Search code examples
utf-8character-encodingperlperl-io

Non-determinism in encoding when using open() with scalar and I/O layers in Perl


For several hours now I am fighting a bug in my Perl program. I am not sure if I do something wrong or the interpreter does, but the code is non-deterministic while it should be deterministic, IMO. Also it exhibits the same behavior on ancient Debian Lenny (Perl 5.10.0) and a server just upgraded to Debian Wheezy (Perl 5.14.2). It boiled down to this piece of Perl code:

#!/usr/bin/perl
use warnings;
use strict;
use utf8;
binmode STDOUT, ":utf8";
binmode STDERR, ":utf8";
my $c = "";
open C, ">:utf8", \$c;
print C "š";
close C;
die "Does not happen\n" if utf8::is_utf8($c);
print utf8::decode($c) ? "Decoded\n" : "Undecoded\n";

It initializes Perl 5 interpreter in strict mode with warnings enabled, with character strings (as opposed to byte strings) and named standard streams encoded in UTF8 (internal notion of UTF-8, but pretty close; changing to full UTF-8 makes no difference). Then it opens a file handle to an “in-memory file” (scalar variable), prints a single two-byte UTF-8 character into it and examines the variable upon closure.

The scalar variable now always has UTF8 bit flipped off. However it sometimes contains a byte string (converted to character string via utf8::decode()) and sometimes a character string that just needs to flip on its UTF8 bit (Encode::_utf8_on()).

When I execute my code repeatedly (1000 times, via Bash), it prints Undecoded and Decoded with approximately the same frequencies. When I change the string I write into the “file”, e.g. add a newline at its end, Undecoded disappears. When utf8::decode succeeds and I try it for the same original string in a loop, it keeps succeeding in the same instance of interpreter; however, if it fails, it keeps failing.

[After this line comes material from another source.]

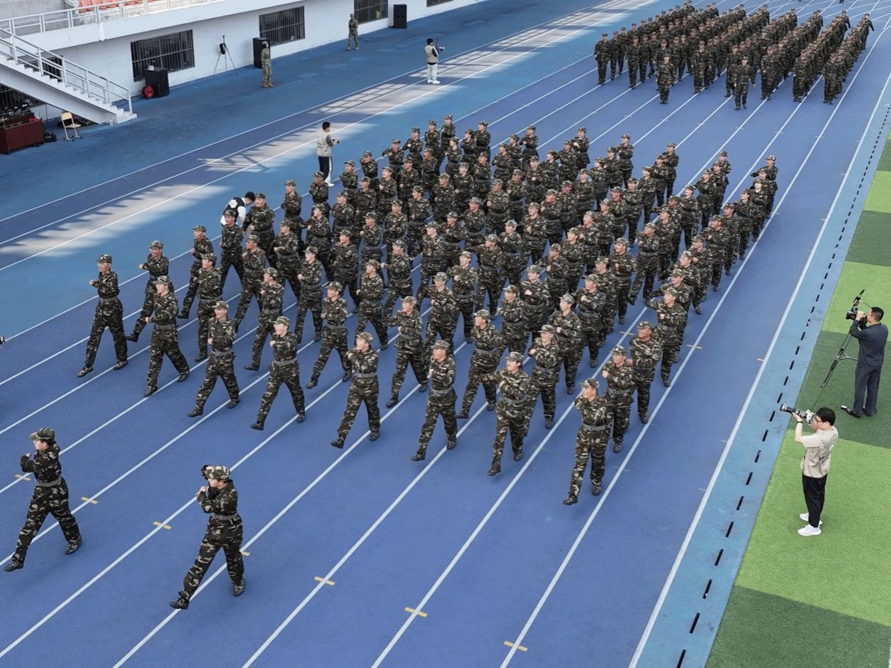 在军训闭营式上,蔡国伟检阅了受训的2024级新同学。在校旗、团旗的引导下,同学们挺傲骨,展雄风,口号嘹亮,步伐铿锵,精神抖擞地走过主席台接受检阅,赢得阵阵掌声。在军训科目表演中,同学们目光坚定、动作整齐、英姿飒爽、气势高昂,彰显了新时代青年大学生自强自信、昂扬向上、团结拼搏的精神风貌。

What is the explanation for the observed behavior? How can I use file handle to a scalar variable together with character strings?

Bash playground:

for i in {1..1000}; do perl -we 'use strict; use utf8; binmode STDOUT, ":utf8"; binmode STDERR, ":utf8"; my $c = ""; open C, ">:utf8", \$c; print C "š"; close C; die "Does not happen\n" if utf8::is_utf8($c); print utf8::decode($c) ? "Decoded\n" : "Undecoded\n";'; done | grep Undecoded | wc -l

For reference and to be absolutely sure, I also made a version with pedantic error handling – same results.

#!/usr/bin/perl
use warnings;
use strict;
use utf8;
binmode STDOUT, ":utf8" or die "Cannot binmode STDOUT\n";
binmode STDERR, ":utf8" or die "Cannot binmode STDERR\n";
my $c = "";
open C, ">:utf8", \$c or die "Cannot open: $!\n";
print C "š" or die "Cannot print: $!\n";
close C or die "Cannot close: $!\n";
die "Does not happen\n" if utf8::is_utf8($c);
print utf8::decode($c) ? "Decoded\n" : "Undecoded\n";

Solution

  • Examining $c in details reveals it has nothing to do with the content of $c or its internals, and the result of decode accurately represents what it did or didn't do.

    $ for i in {1..2}; do
         perl -MDevel::Peek -we'
            use strict; use utf8;
            binmode STDOUT, ":utf8";
            binmode STDERR, ":utf8";
            my $c = "";
            open C, ">:utf8", \$c;
            print C "š";
            close C;
            die "Does not happen\n" if utf8::is_utf8($c);
            Dump($c);
            print utf8::decode($c) ? "Decoded\n" : "Undecoded\n";
            Dump($c)
         '
         echo
      done
    

    SV = PV(0x17c8470) at 0x17de990
      REFCNT = 1
      FLAGS = (PADMY,POK,pPOK)
      PV = 0x17d7a40 "\305\241"
      CUR = 2
      LEN = 16
    Decoded
    SV = PV(0x17c8470) at 0x17de990
      REFCNT = 1
      FLAGS = (PADMY,POK,pPOK,UTF8)
      PV = 0x17d7a40 "\305\241" [UTF8 "\x{161}"]
      CUR = 2
      LEN = 16
    

    SV = PV(0x2d0fee0) at 0x2d26400
      REFCNT = 1
      FLAGS = (PADMY,POK,pPOK)
      PV = 0x2d1f4b0 "\305\241"
      CUR = 2
      LEN = 16
    Undecoded
    SV = PV(0x2d0fee0) at 0x2d26400
      REFCNT = 1
      FLAGS = (PADMY,POK,pPOK)
      PV = 0x2d1f4b0 "\305\241"
      CUR = 2
      LEN = 16
    

    This was a bug in utf8::decode, but it was fixed in 5.16.3 or earlier, probably 5.16.0 since it was still present in 5.14.2.

    A suitable workaround it to use Encode's decode_utf8 instead.